Influxdb Cloud
Security checks across static analysis, malware telemetry, and agentic risk
Overview
This InfluxDB Cloud skill is coherent, but it gives the agent broad authenticated API access that can modify or delete cloud resources without clear approval or scope limits.
Install only if you are comfortable granting Membrane-mediated access to your InfluxDB Cloud account. Use least-privilege credentials, pin or verify the CLI package if possible, and require explicit confirmation before any write, delete, user, authorization, secret, task, bucket, or organization changes.
Static analysis
No static analysis findings were reported for this release.
VirusTotal
VirusTotal findings are pending for this skill version.
Risk analysis
Artifact-based informational review of SKILL.md, metadata, install specs, static scan signals, and capability signals. ClawScan does not execute the skill or run runtime probes.

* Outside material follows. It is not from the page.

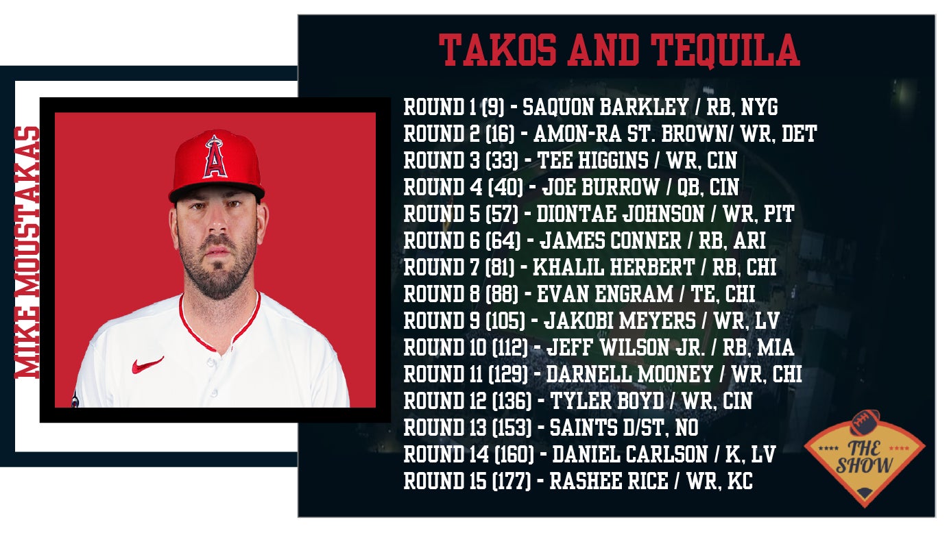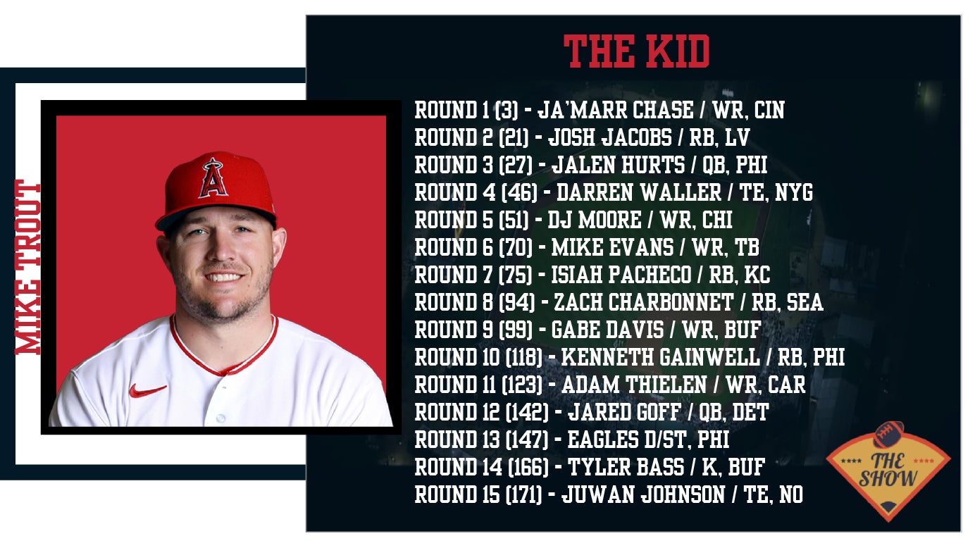 This was an interesting draft as they traded back from the #3 slot with Mike Trout for the #12 slot. Some people like picking at the back end, but I don't know if the depth this year warranted it. CeeDee Lamb is a nice player, but hard to get excited about as your 1st rounder. I do like Nick Chubb at #13 as he's a threat to lead the league in rushing. But he's not a pass catcher, so doesn't really play to the league format. I am pretty out on Deebo Samuel this year as he's my #31 overall WR. So picking him at #36 is not where I'd go there. Lamar Jackson as your fantasy QB guarantees an exciting year, but he hasn't played beyond Week 14 each of the past two seasons. If they want to make a title run, they'll need him fully healthy and to play meaningful football towards the end of the regular season. Christian Kirk in the 5th is a bit high for me as with Calvin Ridley's emergence, he falls to their #2 option. I also hate the JK Dobbins pick as the Ravens backfield is muddy and wildly unpredictable. Dobbins has also struggled with injuries over his first few years. That being said, I do think the peppering the draft with rookies will eventually work. Jordan Addison, Zay Flowers, Tank Bigsby, and Roschon Johnson could all be factors, but does this team have the patience to wait for them to blossom? If they all hit and Lamar stays healthy this could be a title contender, but there are too many IFs for my liking.

If connected with a privileged account, the agent could change or delete InfluxDB Cloud resources while completing a task.
This exposes a raw authenticated API escape hatch that can perform modifying or destructive operations, without visible guardrails requiring user confirmation or limiting which endpoints may be used.
When the available actions don't cover your use case, you can send requests directly to the InfluxDB Cloud API through Membrane's proxy... HTTP method (GET, POST, PUT, PATCH, DELETE).
Prefer listed actions and read-only queries; require explicit user confirmation for POST, PUT, PATCH, DELETE, user, authorization, secret, task, bucket, or organization changes.
The skill may act with the privileges granted to the Membrane/InfluxDB connection.
The skill intentionally delegates authentication to Membrane and may reach sensitive account objects. This is expected for the integration, but the artifacts do not define least-privilege scopes.
Membrane handles authentication and credentials refresh automatically... InfluxDB Cloud Overview ... User ... Authorization ... Secret
Use a least-privilege InfluxDB connection or token, avoid admin credentials unless necessary, and review what Membrane is authorized to access.
A future CLI version or npm package issue could affect behavior outside what was reviewed here.
The setup uses a globally installed, unpinned npm CLI. This is user-directed and central to the skill, but the exact package version is not fixed in the reviewed artifacts.
npm install -g @membranehq/cli@latest
Install from the expected publisher, consider pinning a known version, and review the CLI package before using it with sensitive cloud credentials.
InfluxDB request details and responses may pass through Membrane rather than only between the user and InfluxDB.
InfluxDB API calls are routed through Membrane as a gateway. This is disclosed and purpose-aligned, but it is an important data and credential boundary.
send requests directly to the InfluxDB Cloud API through Membrane's proxy... injects the correct authentication headers
Review Membrane's data handling policy and avoid routing unnecessary sensitive data through the integration.